Paclitaxel-Coated Balloons for the Treatment of Symptomatic Central Venous Stenosis in Vascular Access: Results From a European, Multicenter, Single-Arm Retrospective Analysis

Autor: Alexandros Mallios, Simone Zilahi de Gyurgyokai, Pedro Ponce, Alessio Spinelli, Konstantinos Stavroulakis, Rami El Hage, Dimitrios Karnabatidis, Pierleone Lucatelli, Panagiotis Kitrou, Raphaël Coscas, Konstantinos Katsanos, Tobias Steinke, Ounali Jaffer, Theodosios Bisdas, Roberto Cancellieri, Stavros Spiliopoulos
Rok vydání: 2021
Předmět:
Zdroj: Journal of Endovascular Therapy. 28:442-451
ISSN: 1545-1550
1526-6028
Popis: Introduction: This was a European, multicenter, investigator-initiated and run, single-arm retrospective analysis to assess the safety and the clinical benefit of the use of paclitaxel-coated balloon (PCB) for the treatment of symptomatic central venous stenosis (CVS). Materials and Methods: Eleven centers from 7 countries across Europe, submitted 86 cases performed during the period between October 2015 and June 2018. Minimum follow-up was 6 months. Patient baseline demographics and procedural details were collected. Mean age was 62.6 years (SD 15.2 years). Median vascular access age was 3.0 years (IQR 1.2–4.8 years).

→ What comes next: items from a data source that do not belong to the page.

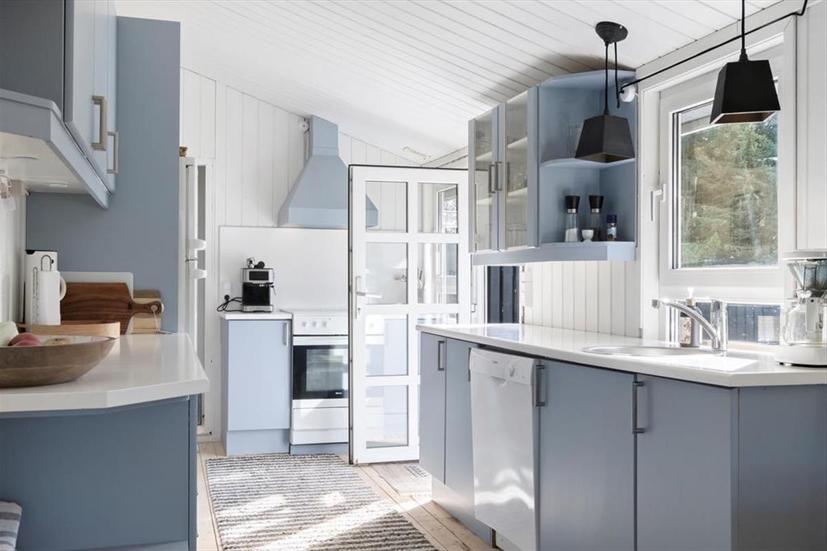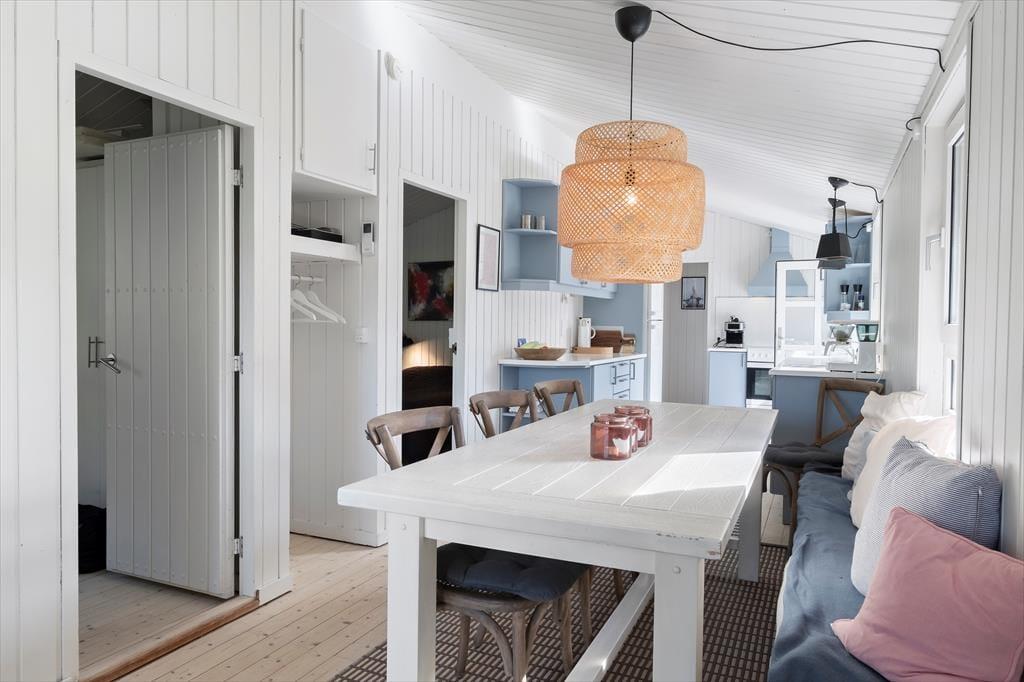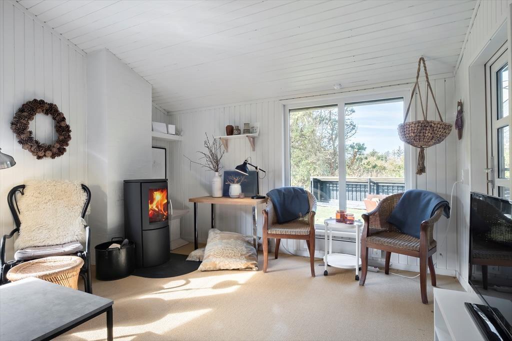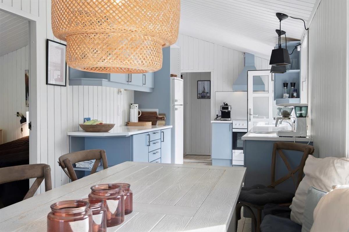 Es handelt sich um ein hübsches Holzhaus, das 2021 renoviert wurde und nun eine perfekte Balance zwischen modernem Design und klassischem Ferienhauscharme bietet. Eine schöne Küche mit Geschirrspüler befindet sich an einem Ende des Wohnbereichs. Am anderen Ende steht eine Sofaecke in der Nähe des Kaminofens, und in der Mitte dient der Esstisch als natürlicher Treffpunkt – ob für ein leckeres Abendessen oder eine Partie Monopoly oder andere Brettspiele. Im Haus gibt es außerdem ein Badezimmer mit Dusche sowie einen kleinen Abstellraum mit Waschmaschine und Trockner. Schließlich verfügt ihr über drei Schlafzimmer.
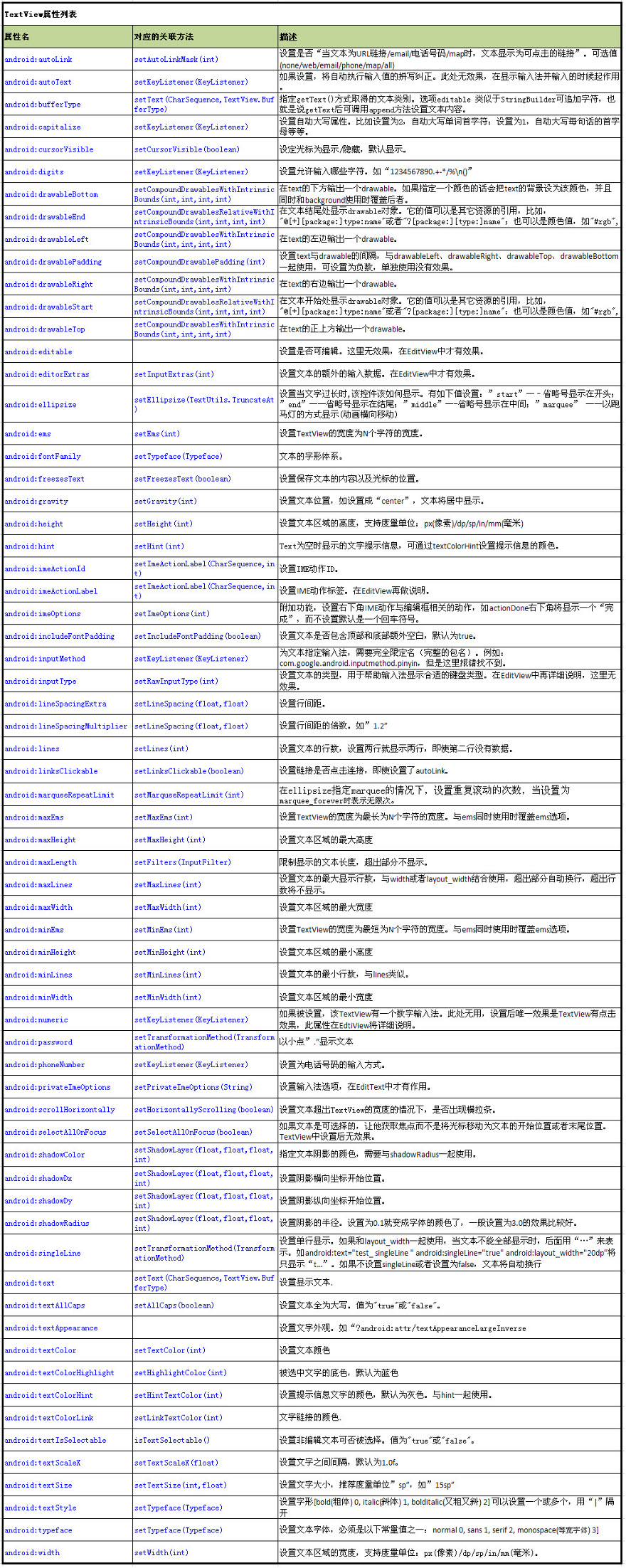 TextView是Android的文本显示器,主要用于文本显示。Android的TextView提供了许多属性和方法用于显示参数设置,参考下面表格:
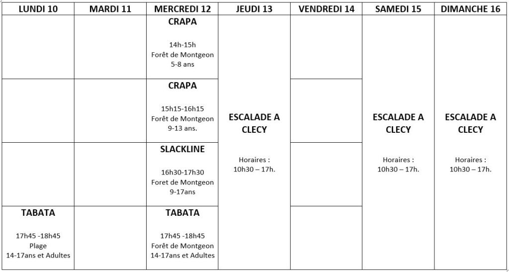 - Du 14 au 27 Juin 2021 : réinscriptions pour les adhérents du club. Vous recevrez directement par mail la fiche à nous renvoyer pour réserver votre séance. (Le mail a été envoyé, si vous ne l’avez pas reçu, contactez Juliette : eacjulietterichou@gmail.com)
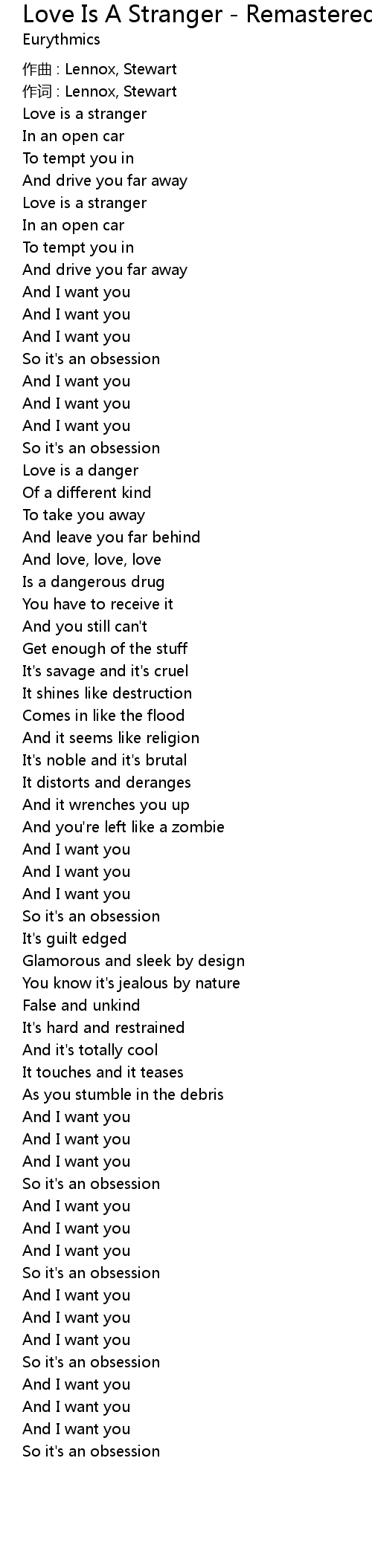 | 作词 : Lennox, Stewart | |

A total of 55 were arteriovenous fistulas (64%) the rest arteriovenous grafts (31/86, 36%). Vessels treated were 43 subclavian veins, 42 brachiocephalic veins and 1 superior vena cava. Median drug-coated balloon diameter was 10 mm (IQR 8–12 mm). Primary outcome measures were clinically assessed intervention-free period (IFP) of the treated segment at 6 months and procedure-related minor and major complications. Secondary outcome measures included access circuit survival, patient survival, and the investigation of independent factors that influence the IFP. Results: IFP was 62.7% at 6 months. Median patient follow-up time was 1.0 year (IQR 0.5–2.2 years). There was 1 minor complication (1/86; 1.2%) and no major complications. Access circuit survival was 87.7% at 6 months. Patient survival was 79.7% at 2 years according to Kaplan-Meier survival analysis. Higher balloon diameters significantly favored IFP [HR 0.71 (0.55–0.92), p=0.006; 5–7 mm group vs 8–12 mm group, p=0.025]. Conclusion: In this analysis, use of PCBs for the treatment of symptomatic CVS was safe. Efficacy was comparable to previous trials. Increased balloon size had a significant effect on patency rates.